BY RILEY LINSEMAN
The Library Resource Centre has been offering tech support to those who use their online resources, which were introduced 20 years ago. The big renovation last year increased the number of computers to 80, making it the biggest lab on campus.
This means that staff get a lot of technical questions. But, exactly how many questions is that? In 2016, the LRC information desk answered approximately 21,000, according to Chris Woodley, the manager of instructional services and collection at the LRC. Half of those were specifically about software, hardware and Conestoga applications.
To help deal with all the questions last semester, the LRC unveiled their new Tech Tutors program. The tutors are carefully chosen from the Learning Commons’ Peer Tutors program. One hundred students applied, but only eight were hired, based on their grades and interest in technology.
It might seem like the tech tutors just wander around asking people if they need help, but they also have a designated area in the library from 10 a.m. to 2 p.m. where students who need help can go. Sessions can also be booked for those who need help with more complex things like learning (or relearning) software.

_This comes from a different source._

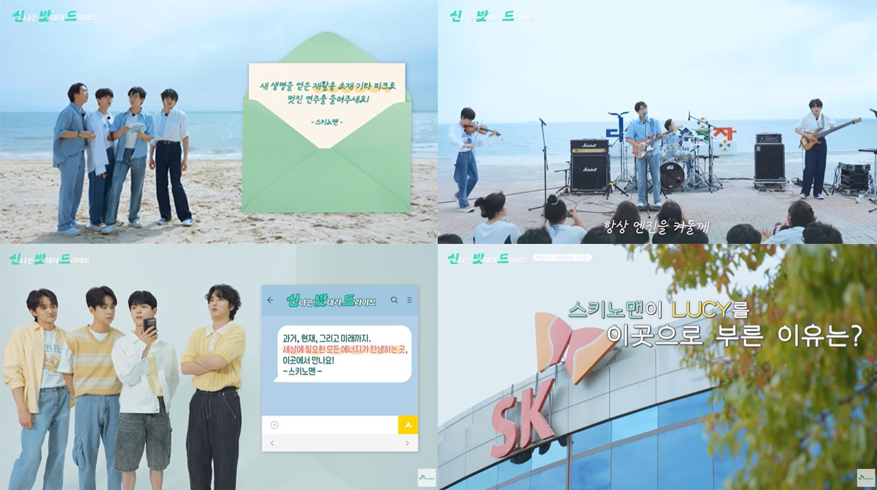 최근, SK이노베이션과 SK이노베이션의 전기차 배터리 사업회사 SK온이 콜라보 콘텐츠 ‘신밧드: 신나는 밧데리 드라이브’(이하 신밧드)를 선보였다. 젊은 세대에게 가장 인기 있는 K밴드 씬 대표주자인 남성 4인조 밴드 <LUCY>와 협업해 자연과 음악을 소재로 하는 콘텐츠를 선보인 것이다. 이는 SK이노베이션 계열 간 활발한 협업을 통해 ‘그린 에너지·소재 회사(Green Energy & Materials Company)’라는 비전을 명확하고 일관성 있게 소구 하기 위한 노력의 일환이다.

One tech tutor shared her story about how she deals with her own students.
“I like to guide them to the answers … (The) most common questions are how do I format this (and) how do I use this software? So, we work together … And we like to write stuff down,” Euchelle Millena said.
The tech tutors answered 2,100 questions. Forty-six per cent of them were about hardware, including how to use the library’s printers, photocopiers and scanners. Twenty-four per cent were software questions, pertaining to applications on the computers like Microsoft Word, PowerPoint and Excel. The final 30 per cent were about Conestoga applications, meaning the student portal, eConestoga, etc.
To offer further support for the students in addition to the online resources and the many publications featured at the library, the LRC also subscribes to Lynda.com, a massive online database that offers endless lessons on every topic you can think of.
“It’s a new type of resource … They call it an online learning platform, and essentially, we’re taking a look at videos that help you learn technical skills quite often, or soft skills like interviewing or managing stress,” Woodley said about the database.
Lynda.com can be accessed from the library’s website. In 2015-2016, there were 44,000 hits on the videos at the college.